Our middle daughter continues to teach in southern Maine and has high hopes of moving further south. She loves southern living, and looks forward to the next chapter being further away from home and in perpetual warmth and near a waterway. We have mixed feelings, but have always encouraged our children to live their own life, and not to change plans on our behalf. We look forward to seeing what the Lord has in store for our adventurous, willful, independent child who doesn’t like to stay put.
This is what I focus on: our babies. It’s the best thing that we ever did together, and I will always be able to look into their faces and see their Dad. Each one of them have character traits of their father, and for that, I am so grateful.
So, what do you do when LIFE TRAUMA visits your family? Focus. Focus on the good stuff. Choose your attitude, because JOY is a choice. Lean in. Lean in to your Maker, lean in to your family, lean in to your friends who are strong and want to help.
Another big aha: Friends are hard to find, but when you find them, cling to them but don’t choke the life out of them.
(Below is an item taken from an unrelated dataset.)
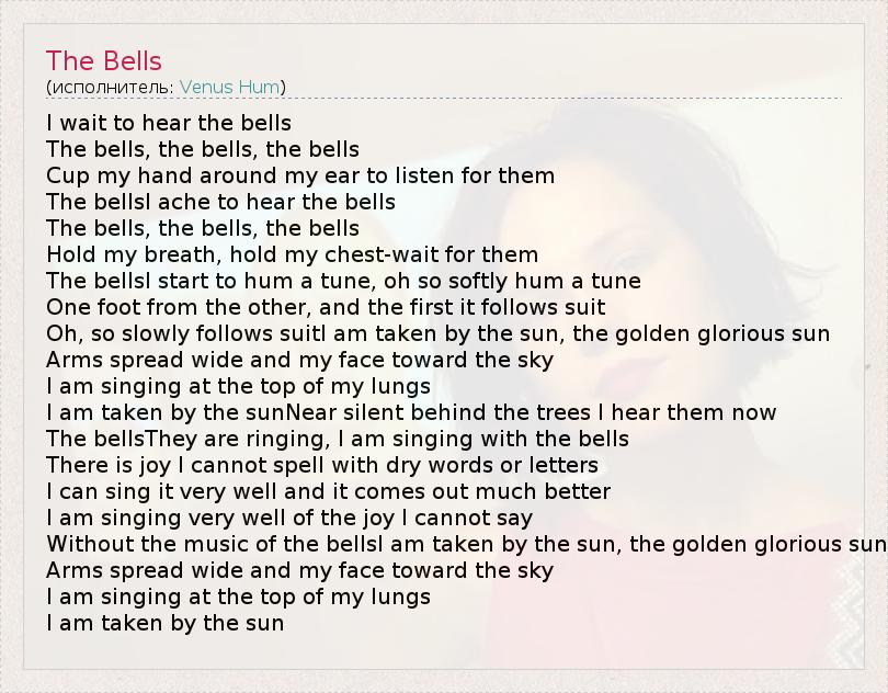 The bellsI start to hum a tune, oh so softly hum a tune

I am determined not to be “that person”. We all know who they are. I don’t want to be the one that people avert their eyes, slide behind, or dash from the room from. I don’t want to be “that person”. So what DO you say when someone asks how he’s doing? I’ve learned that not everyone really wants to know. They are simply being polite, kind of like a “good morning, how are you?” greeting. They don’t really want to know. It is just another way to say, “hi.” I have learned to judge my response by the amount of eye contact I get, and by the person who is asking. If people act like they genuinely want to know, my latest response is, “Over the summer, he has had some dementia related decline, which is to be expected, and right now he is suffering with a UTI.” The problem is that people don’t know what to say, so they simply, don’t ask. As a result, we see and hear from very few people and our close friend circle has become very small. It is a product of LIFE TRAUMA. People don’t know what to say, they don’t know what to do, they can’t really make it better, and it scares them, so it becomes a lonely road.
As a result, we make our own happiness and don’t rely on others. This summer, we spent a whole lot of time at the walk bridge on the coast. It is only 15 minutes from our home, handicap accessible, and even has a wheelchair accessible port-a-potty on site. We picnicked, walked, admired the boats, and talked to strangers who were doing the same. We took a trip down Coastal Route 1 and had a lobster roll. We watched movies, weeded together, enjoyed house projects and ate lots of ice cream. We lit candles, drank gallons of coffee on the deck, grilled nearly every day, and just thoroughly enjoyed one another. It has been a wonderful summer. We chose joy, noticed the blessings, and were determined not to waste one single minute of our precious time together.
I’m happy. I don’t know what life is going to look like after- but today I choose JOY.